There is a circularity problem in Gibbard's analysis of analysis of moral emotions if something like Robert Solomon's analysis is correct. See D'Arms, Justin and Jacobson, Daniel, ‘Expressivism, Morality, and the Emotions’, Ethics, 104, no. 4 (07 1994) and Wise Choices, Apt Feelings 149.

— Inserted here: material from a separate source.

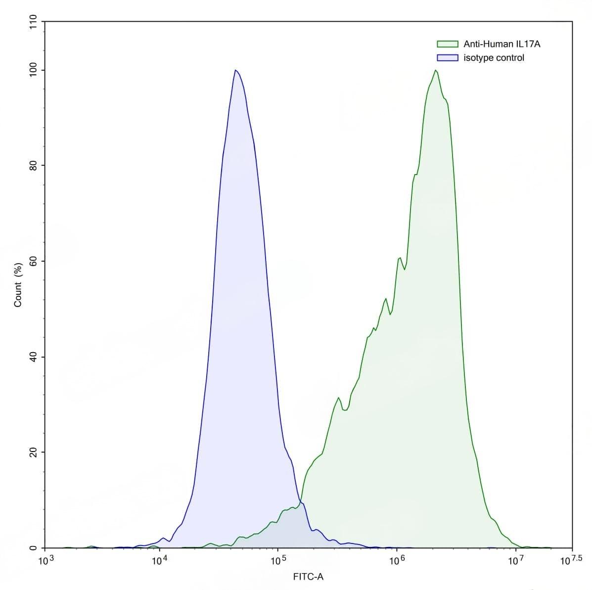 Flow-cytometry using anti-human IL17A antibody.IL17A Transfected CHO cells were stained with an irrelevant antibody (Blue Histogram) or an anti-human IL17A antibody monoclonal antibody (Catalog No.:TD-HS856207 ,Green Histogram) at a concentration of 5 µg/ml for 30 mins at RT. After washing, bound antibody was detected using a FITC conjugated goat anti-human antibody (Catalog No.:TD-HF690414) and cells analysed on a NovoCyte Flow Cytometer. | Flow-cytometry using anti-human IL17A antibody.Human Jurkat cell line were stained with an irrelevant antibody (Blue Histogram) or an anti-human IL17A antibody monoclonal antibody (Catalog No.:TD-HS856207 ,Green Histogram) at a concentration of 5 µg/ml for 30 mins at RT. After washing, bound antibody was detected using a FITC conjugated goat anti-human antibody (Catalog No.:TD-HF690414) and cells analysed on a NovoCyte Flow Cytometer.

15 Harman, Gilbert, ‘Moral Relativism Defended’, Philosophical Review 84 (1975), and The Nature of Morality (New York: Oxford University Press, 1977), Part I; Sturgeon, Nicholas, ‘Moral Explanations’, in Copp and Zimmerman, (eds), Morality, Reason and Truth (and reprinted in Sayre-McCord, Essays on Moral Realism). One should note also Thomas Nagel's contention that the requirement set by philosophers like Harman and Mackie is an unreasonable one. See ‘The Limits of Objectivity’ in Sterling McMurrin, (ed.), The Tanner Lectures (Cambridge University Press, 1980), p. 114n. Of interest also is McDowell's gambit, which offers a carefully qualified analogy between ethical and secondary qualities. See ‘Values and Secondary Qualities’, in Honderich, Ted, (ed.), Morality and Objectivity (London: Routledge and Kegan Paul, 1985).

16 Rosen, Michael, ‘Must We Return to Moral Realism?’, Inquiry, 34, 1991, p. 194.

17 Much depends, it should be clear, on what one holds to constitute ‘moral realism’. Moral anti-realists want it to hinge on ‘moral facts’, whatever these might be; if this is the issue, then Gibbard's argument has considerable strength in relation to morality, although nothing like it has much strength with regard to axiology.

18 The author wishes to thank Jonathan Bennett, Diana Meyers, and Kwong-loi Shun for helpful comments on a first draft of this essay.